Sekolah Sabat 23 Mei 2019 - Berjuang untuk Anak Anda yang Hilang

Berjuang untuk Anak Anda yang Hilang

Baca Amsal 22: 6. Apakah pengertian Anda mengenai ayat ini? Apakah ini adalah satu jaminan, satu janji, atau satu kemungkinan?
Kadang-kadang sebagai orang tua Anda melakukan apa yang seharusnya dilakukan—meluangkan waktu untuk mengajar anak-anak Anda mengenai hal-hal yang baik, hidup menurut pengetahuan Anda mengenai Allah, mengirim mereka ke sekolah-sekolah yang baik, datang ke gereja secara teratur, terlibat dalam pekerjaan misi dengan mereka—dan pada akhirnya mereka meninggalkan iman di mana Anda membesarkan mereka. Perasaan sakit sangat menyiksa, dan Anda tidak pernah berhenti mengkhawatirkan akan keselamatan mereka. Penyebabnya bukanlah kesalahan orang tua. Anak-anak memiliki pikiran mereka sendiri dan akhirnya bertanggung jawab kepada Allah akan tindakan mereka.

Beberapa orang mengambil kata-kata “ketika dia sudah tua dia tidak akan meninggalkannya” sebagai sebuah janji, jaminan bahwa pengasuhan yang tepat akan selalu menghasilkan keselamatan bagi anak mereka. Tetapi kitab Amsal sering memberi kita asas dan tidak selalu merupakan janji tanpa syarat. Apa yang bisa kita ambil dari teks ini adalah jaminan bahwa pelajaran yang dipelajari di masa kecil akan berlangsung seumur hidup. Setiap anak akan mencapai usia ketika mereka menerima warisan orang tua mereka sebagai milik mereka atau mereka akan menolaknya. Orang tua yang berhati-hati memberikan anak-anak mereka pelatihan dengan memiliki keyakinan bahwa apa yang mereka ajarkan kepada anak-anak mereka akan selalu ada bersama mereka, dan ketika anak-anak mereka pergi, benih yang mereka tanam di dalam hati mereka akan terus berada di dalam mereka. Menjadi orang tua yang baik adalah pilihan kita; bagaimana kelak anak kita nanti adalah pilihan mereka.

Apakah yang seharusnya orang tua lakukan ketika seorang anak tersesat? Bawalah anak Anda kepada Allah dalam doa yang sungguh-sungguh. Jika ada orang yang mengerti kesedihan Anda, itu adalah Allah, yang bermiliar orang anak-anak-Nya telah berbalik membelakangi-Nya, orang tua yang sempurna. Anda dapat mendukung anak-anak Anda yang hilang dengan cinta dan doa dan siap untuk berdiri di samping mereka sewaktu mereka bergumul dengan Tuhan.
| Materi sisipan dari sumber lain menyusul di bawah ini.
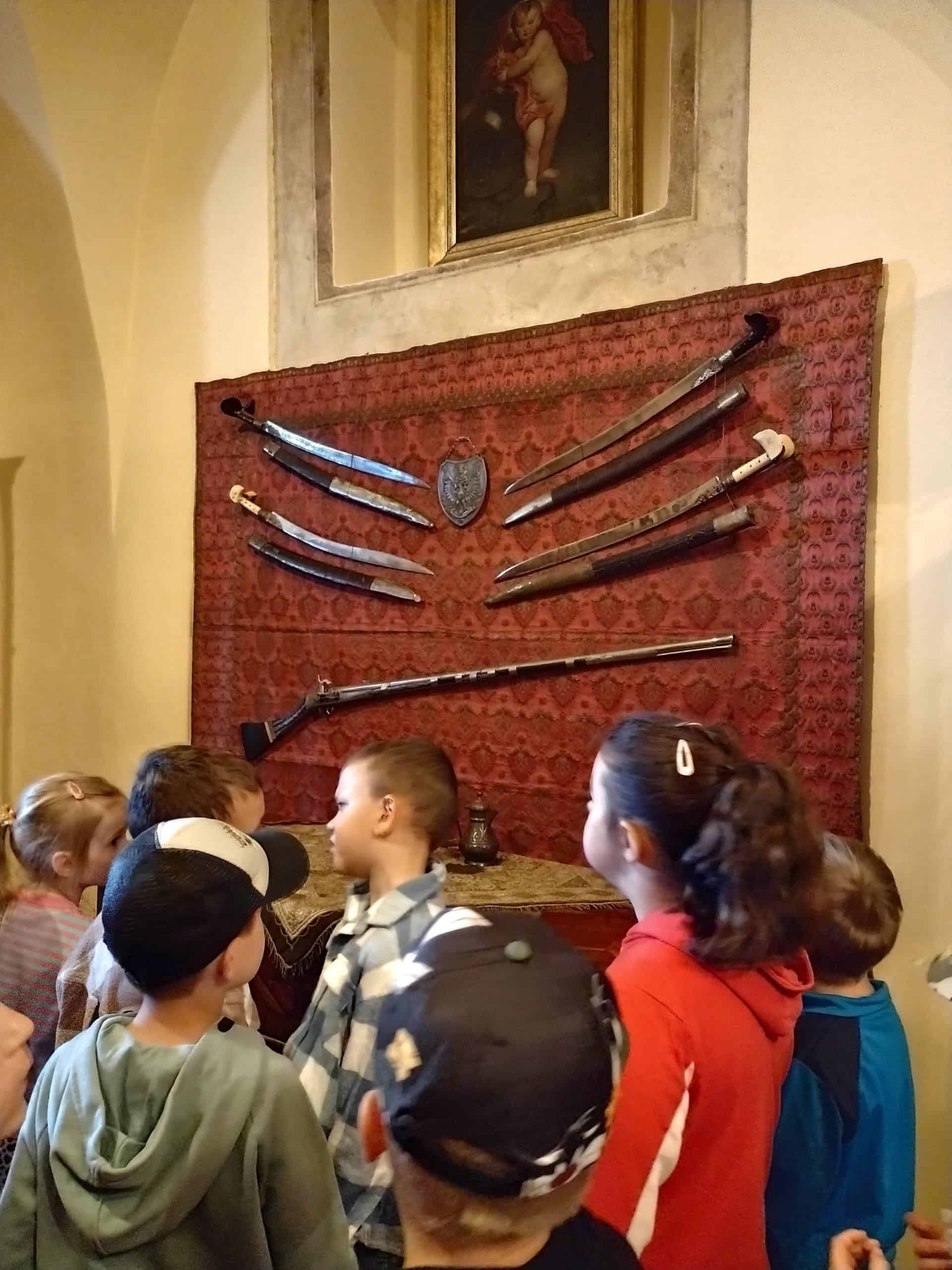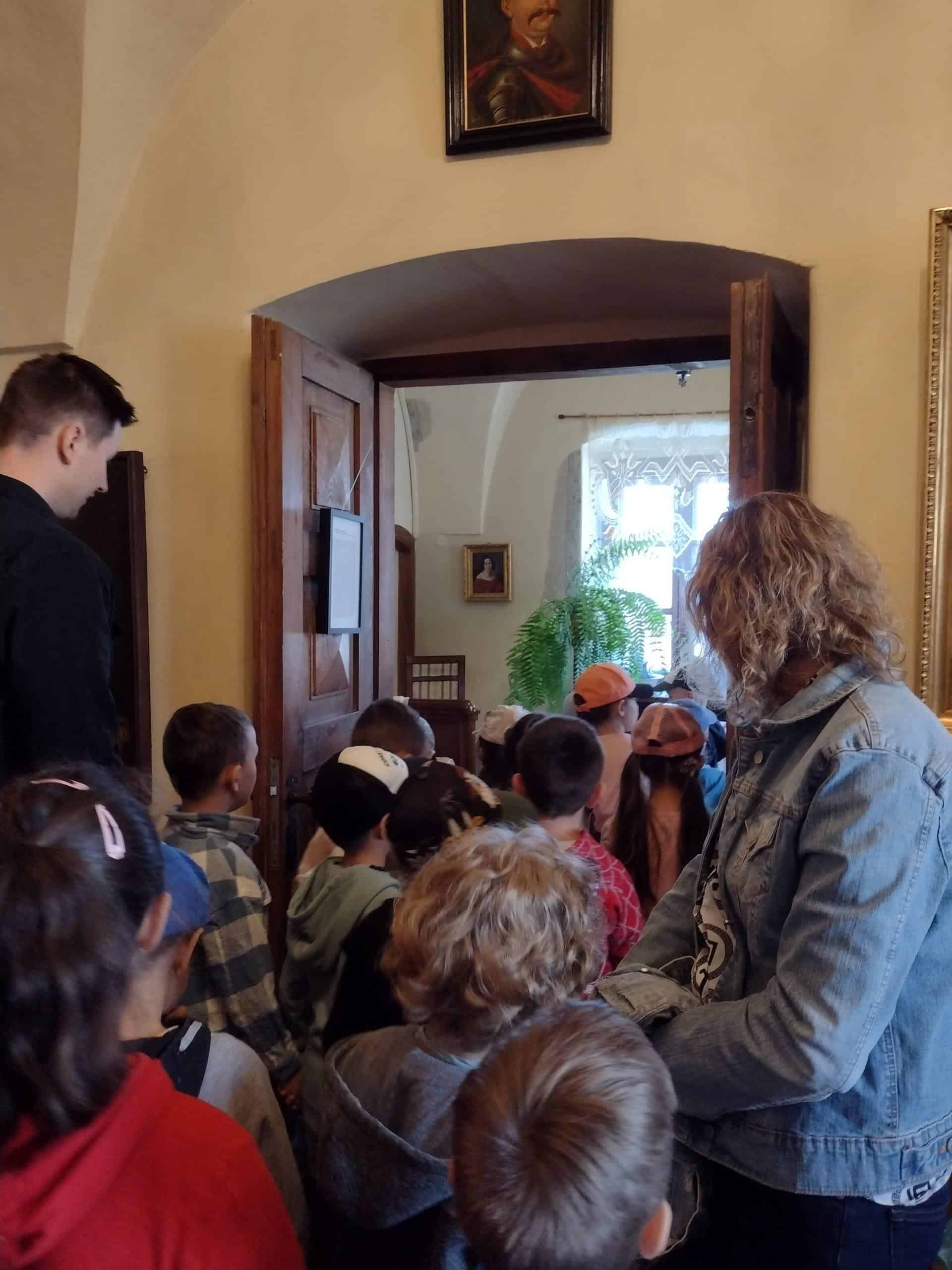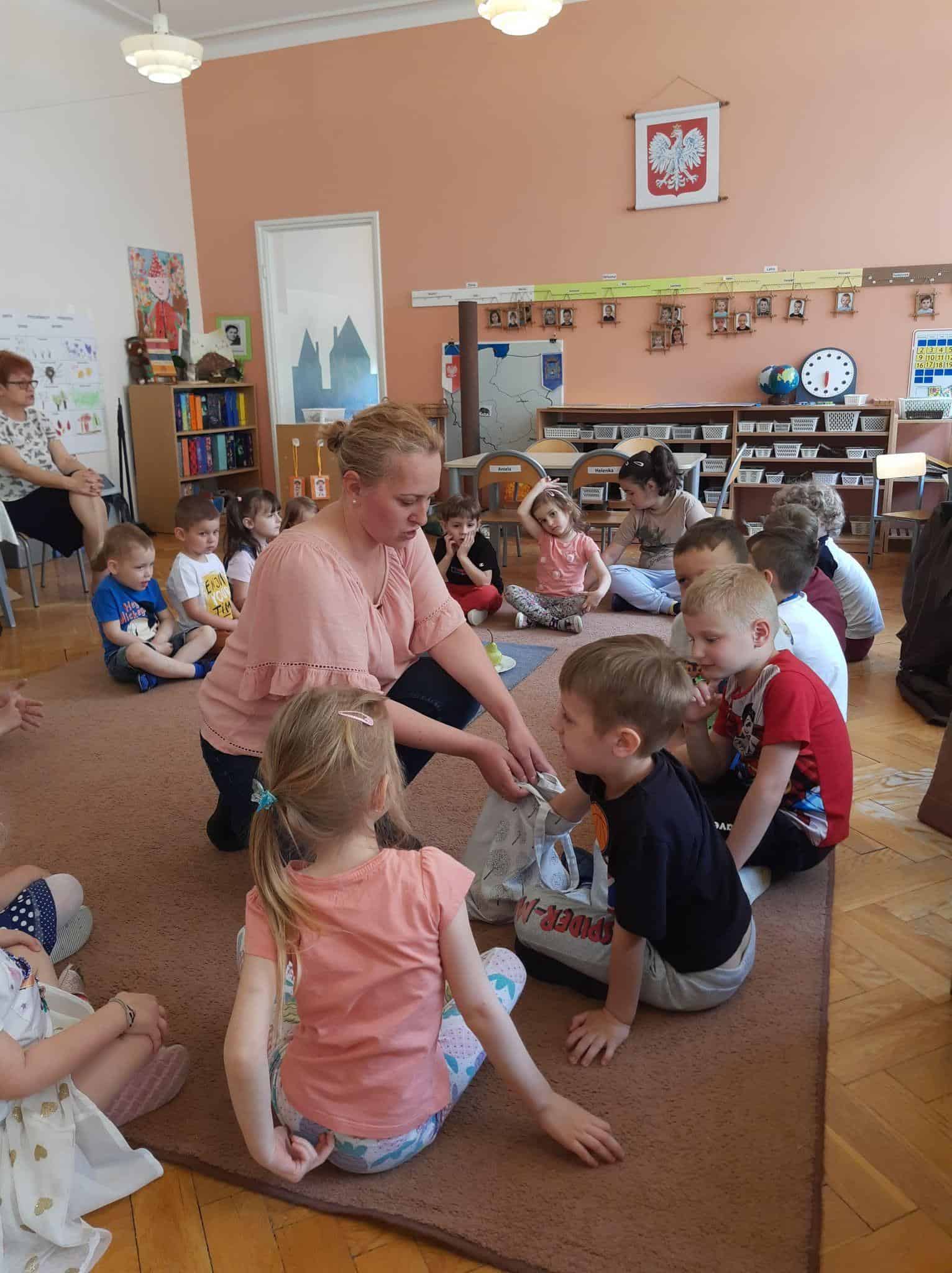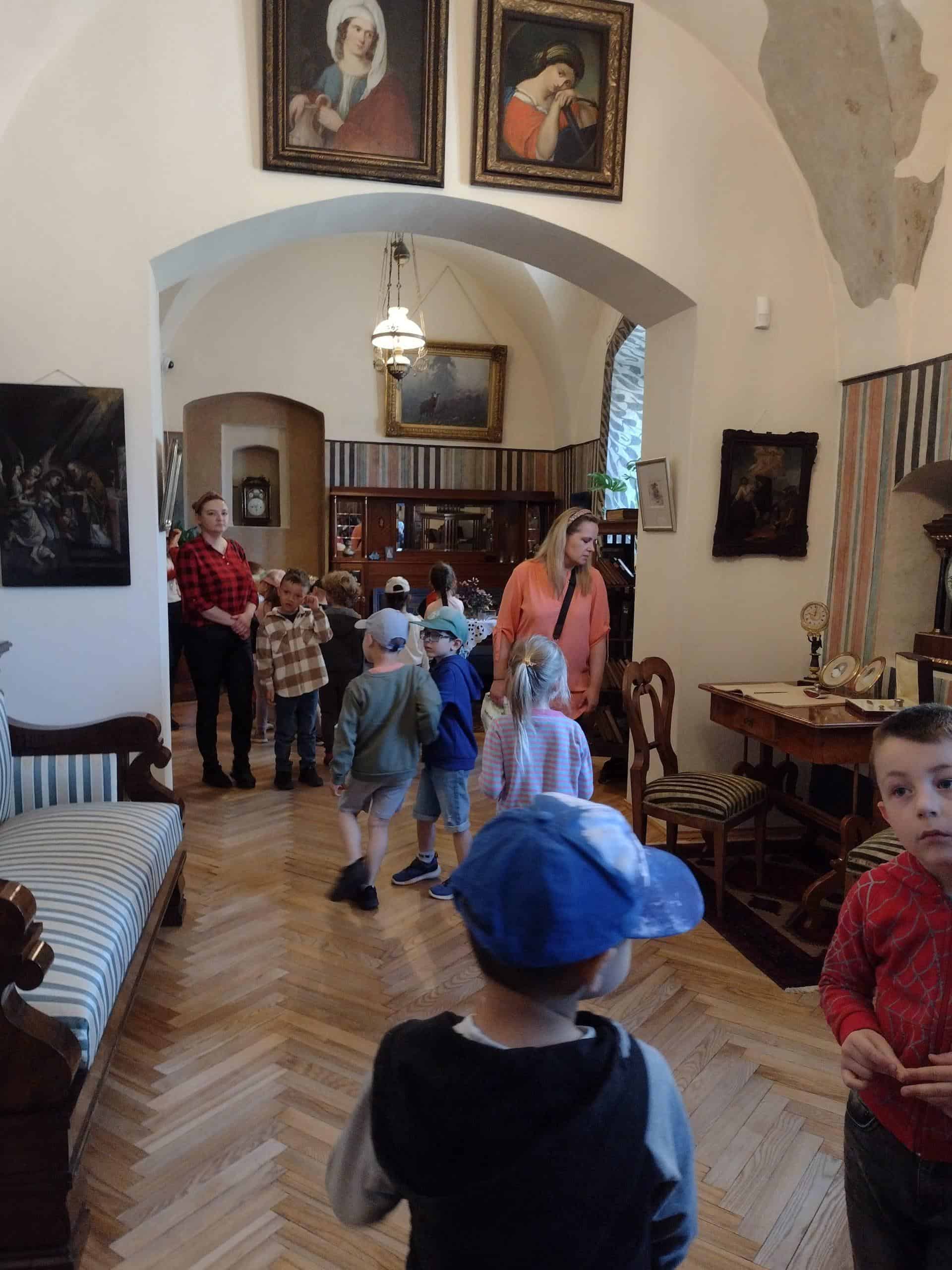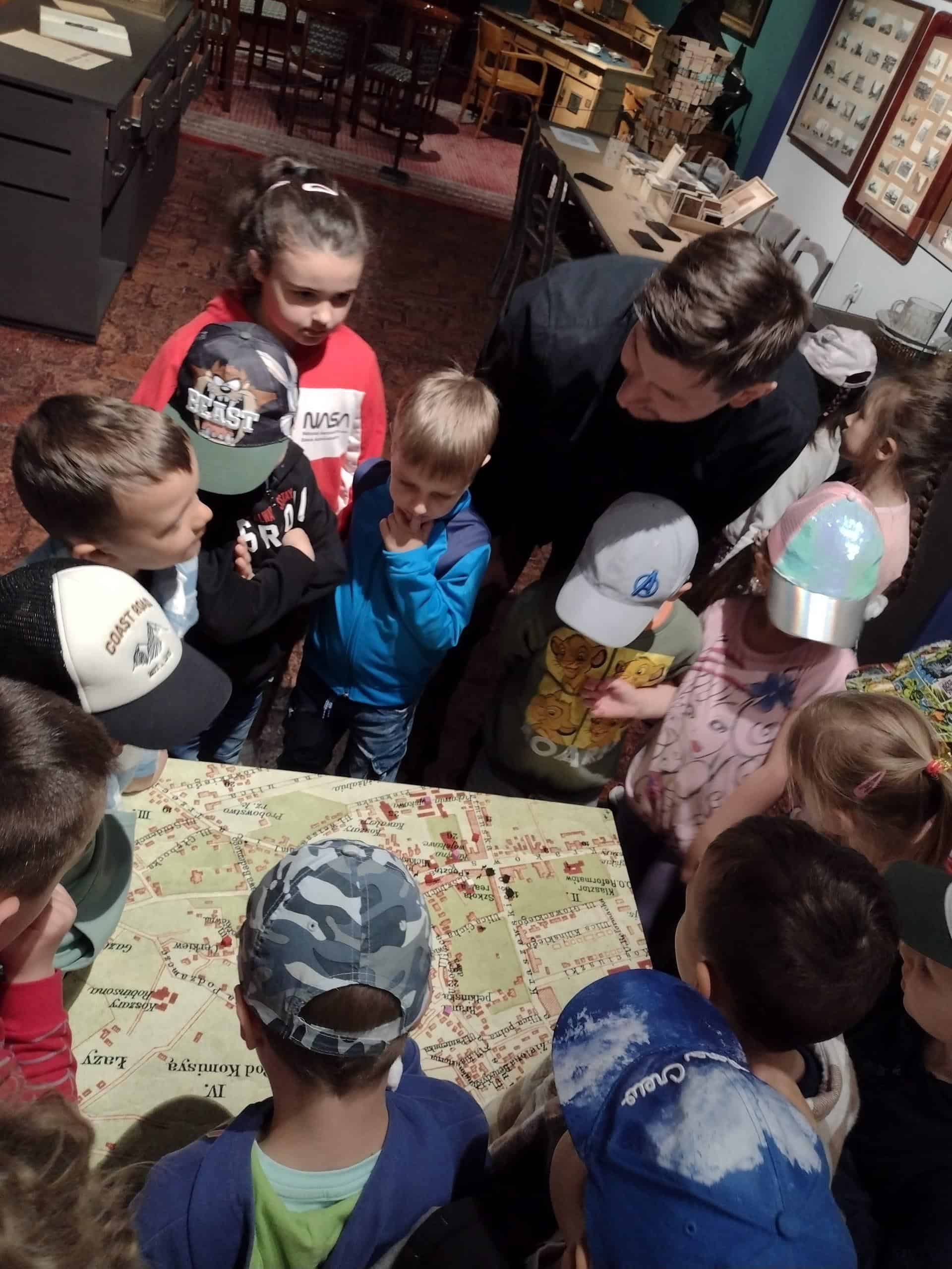 W dniu 19 maja starszaki z naszej grupy i grupy niebieskiej wybrały się razem na pieszą wycieczkę do jarosławskiego muzeum. Gdy dotarliśmy na rynek, nie mogliśmy się oprzeć urokowi pięknych, kolorowych kamieniczek otaczających rynek. Dzieci wypatrywały ozdobnych detali na fasadach kamienic, w różnych kształtach przypominających kwiaty i liście. Obejrzeliśmy także ratusz stojący w centralnym miejscu rynku, podziwialiśmy wieżę ratuszową i zegar na niej umieszczony. Największym zainteresowaniem cieszyła się jednak fontanna wyrzucająca raz po raz wodę. Gdy weszliśmy do muzeum, przywitała nas przewodnik, który oprowadzał dzieci po kupieckiej kamienicy Orsettich w Jarosławiu. Dzieci były zauroczone wnętrzami, zadawały dużo pytań i uważnie przyglądały się przedmiotom. Największą trudność sprawiło im nie dotykanie eksponatów, gdyż jak wiadomo dzieci, aby poznać – chcą dotknąć. Zwiedzaliśmy Wielką Izbę, gdzie właściciel gościł swoich partnerów w interesach i podpisywał ważne umowy kupieckie. Weszliśmy także na piętro, gdzie właściciele kamienicy mieli swoje prywatne pomieszczenia. Dzieci stwierdziły, że jest tam jak w zamku i dało się słyszeć głosy zachwytu nad wnętrzami. Co rusz odkrywały ciekawe przedmioty, które na pierwszy rzut oka nie zdradzały swojego przeznaczenia, dopiero po wyjaśnieniach pana przewodnika wszystko stawało się jasne. Na zakończenie dzieci mogły przenieść się starodawnego sklepu z zabytkową kasą, a także samodzielnie wykonać kartki pamiątkowe, a także otrzymały przewodniki dla dzieci „Jarosław (nie) do poznania. Wycieczka była bardzo udana i dzieci jeszcze do końca dnia wspominały, co ciekawego widziały w muzeum.

Jangan malu untuk meminta pertolongan dan doa, jangan salahkan diri Anda, dan jangan terlalu terpusat pada anak tersebut sehingga Anda melupakan anggota keluarga yang lain. Mengasuh anak yang hilang dapat mengakibatkan rumah tangga Anda menjadi terbagi; jadi, bangun satu kesatuan dengan pasangan Anda dan tetapkan batas-batas yang jelas untuk anak Anda tersebut. Ingat bahwa Allah lebih mengasihi anak Anda, lihatlah masa depan yang cerah, dan terimalah bahwa Allah sedang bekerja di dalam anak Anda.

Sangat alami dalam situasi seperti itu untuk menyalahkan diri sendiri. Dan bahkan jika Anda melakukan kesalahan, mengapakah lebih baik fokus pada masa depan dan janji-janji Tuhan? Lihat Flp. 3: 13.